Answer:
-8.953 kJ/mol
It's a spontaneous reaction.
Explanation:
The variation of the free energy at standard conditions (ΔG°) can be calculated with the change in the enthalpy at standard conditions (ΔH°) and the variation the entropy at standard conditions (ΔS°):
ΔG° = ΔH° - TΔS°
For the reaction, ΔH° and ΔS° can be calculated by the values of the enthalpy of formation (Hf) and the entropy (S) of the reactants and products, which can be found in a thermodynamics table.

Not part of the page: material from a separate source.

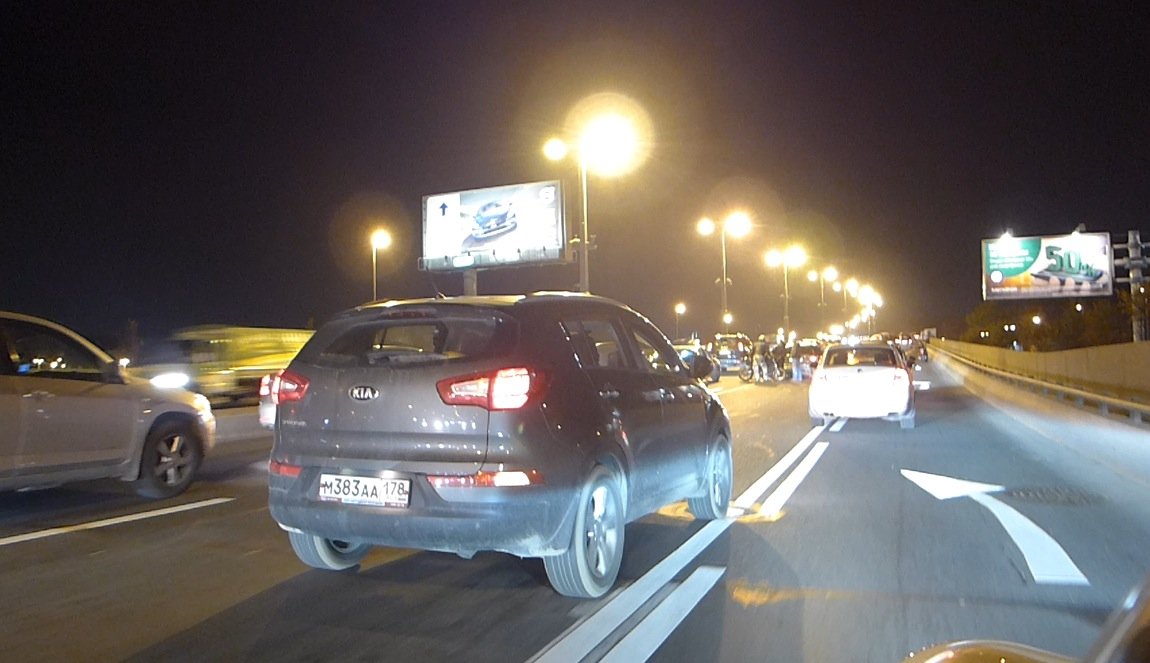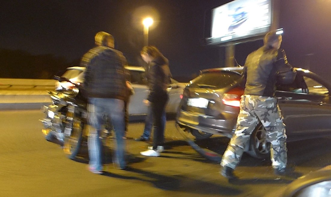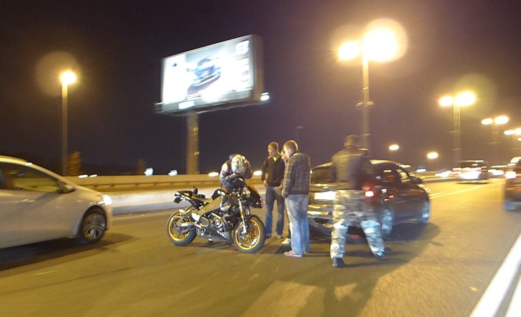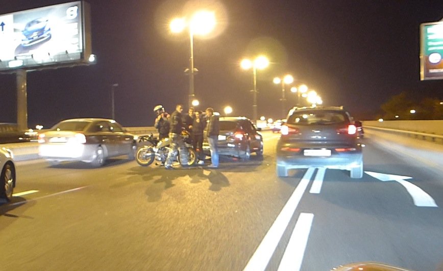 На путепроводе Ушаковской развязки Ford Focus врезался в мотоцикл (или наооборот)

NO(g): Hf = 90.25 kJ/mol; S = 0.2108 kJ/K.mol
O₂(g): Hf = 0; S = 0.2051 kJ/K.mol
NO₂(g): Hf = 33.18 kJ/mol; S = 0.2401 kJ/K.mol
ΔH° = ∑n*Hf, products - ∑n*Hf, reactants (n is the number of moles)
ΔH° = (2*33.18) - (2*90.25)
ΔH° = -114.14 kJ/mol
ΔS° = ∑n*S, products - ∑n*S, reactants
ΔS° = (2*0.2401) - (0.2051 + 2*0.2108)
ΔS° = -0.1465 kJ/K.mol
ΔG° = -114.14 - (-0.1465)*718
ΔG° = -8.953 kJ/mol
ΔG° indicates if the reaction is spontaneous or nonspontaneous. If ΔG° < 0 the reaction is spontaneous. So, the reaction given is spontaneous.